WHAT IS REQUIRED
Reproduce the data exactly and drop any pictures it holds.

EXERCISE DATA

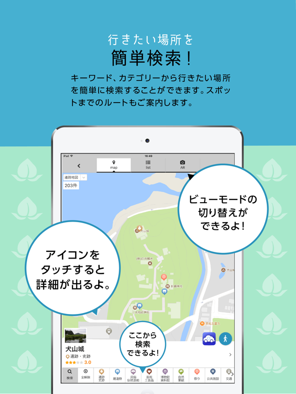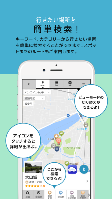 通过本应用,你可以了解犬山市的观光景点信息。犬山市拥有丰富的自然资源和众多的文化遗产。 有每主题介绍的「路线」功能、引导到达目的景点的「导航」功能。 使用离线地图,即使没有网路环境也能阅览地图。 到犬山市看看,发现它新的魅力! ● 与苹果的健康软件联动,显示当日的行走步数。(不支持iPad、iPad mini) ●利用NaviBridge(导航系统)的话,可以用智能手机向所定的汽车导航能发送定位信息。 有关“NaviBridge(导航系统)”的详细内容,请阅读其支持页面。 https://navicon.com/user/support/ *NaviBridge(导航系统)是电装株式会社的注册商标。 【注意事项】 GPS的工作性能方面,出现误差。 任务导航中,使用GPS功能以取得定位信息。 任务导航中,使用GPS功能以取得定位信息。 由于采用GPS功能获取定位信息比正常情况下,电池消费量要多,提请注意。 ・行进中操作手机非常危险。请站在安全的地方后再操作。 ・APP启动时会下载必要的数据。 为了避免产生高额的通信费用,请确认使用中的流量套餐 【推荐型号】 ● iOS 13以上 *仅限于内置GPS的机型 【应用软件的变更·中断·结束】 本应用软件,也有可能在没有事前通知顾客的情况下,变更运用方法,中断、终止提供服务。 在这种情况下,对变更·中断·中止行为,不承担一切责任。 【著作权】 本应用软件所刊载的各类信息,受著作权的保护。另外,也可以整体成为著作权的对象,而受到保护。除非有版权法认可,不得擅自复制·转用。此更新的内容如下。 ・修复了一些小错误 请继续使用该应用程序。
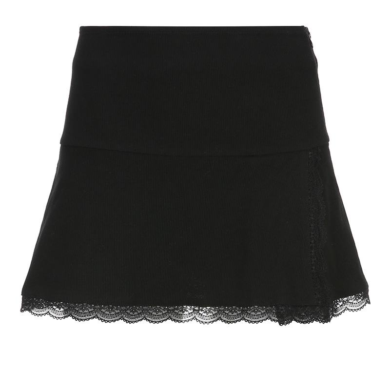 WTEMPO Брендовая ретро повседневная модная уличная однотонная кружевная юбка с тонкой строчкой и высокой талией, пикантные юбки для девочек M чёрный
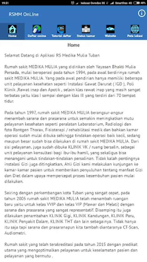 Registration application for Online Outpatient Hospital MEDIKA MULIA is a useful application for patients who already have No. RM at MEDIKA MULIA Hospital, to facilitate medical registration Outpatient online 24 hours.

SOLVED EXERCISE
 通过本应用,你可以了解犬山市的观光景点信息。犬山市拥有丰富的自然资源和众多的文化遗产。 有每主题介绍的「路线」功能、引导到达目的景点的「导航」功能。 使用离线地图,即使没有网路环境也能阅览地图。 到犬山市看看,发现它新的魅力! ● 与苹果的健康软件联动,显示当日的行走步数。(不支持iPad、iPad mini) ●利用NaviBridge(导航系统)的话,可以用智能手机向所定的汽车导航能发送定位信息。 有关“NaviBridge(导航系统)”的详细内容,请阅读其支持页面。 https://navicon.com/user/support/ *NaviBridge(导航系统)是电装株式会社的注册商标。 【注意事项】 GPS的工作性能方面,出现误差。 任务导航中,使用GPS功能以取得定位信息。 任务导航中,使用GPS功能以取得定位信息。 由于采用GPS功能获取定位信息比正常情况下,电池消费量要多,提请注意。 ・行进中操作手机非常危险。请站在安全的地方后再操作。 ・APP启动时会下载必要的数据。 为了避免产生高额的通信费用,请确认使用中的流量套餐 【推荐型号】 ● iOS 13以上 *仅限于内置GPS的机型 【应用软件的变更·中断·结束】 本应用软件,也有可能在没有事前通知顾客的情况下,变更运用方法,中断、终止提供服务。 在这种情况下,对变更·中断·中止行为,不承担一切责任。 【著作权】 本应用软件所刊载的各类信息,受著作权的保护。另外,也可以整体成为著作权的对象,而受到保护。除非有版权法认可,不得擅自复制·转用。此更新的内容如下。 ・修复了一些小错误 请继续使用该应用程序。
 WTEMPO Брендовая ретро повседневная модная уличная однотонная кружевная юбка с тонкой строчкой и высокой талией, пикантные юбки для девочек M чёрный
 Registration application for Online Outpatient Hospital MEDIKA MULIA is a useful application for patients who already have No. RM at MEDIKA MULIA Hospital, to facilitate medical registration Outpatient online 24 hours.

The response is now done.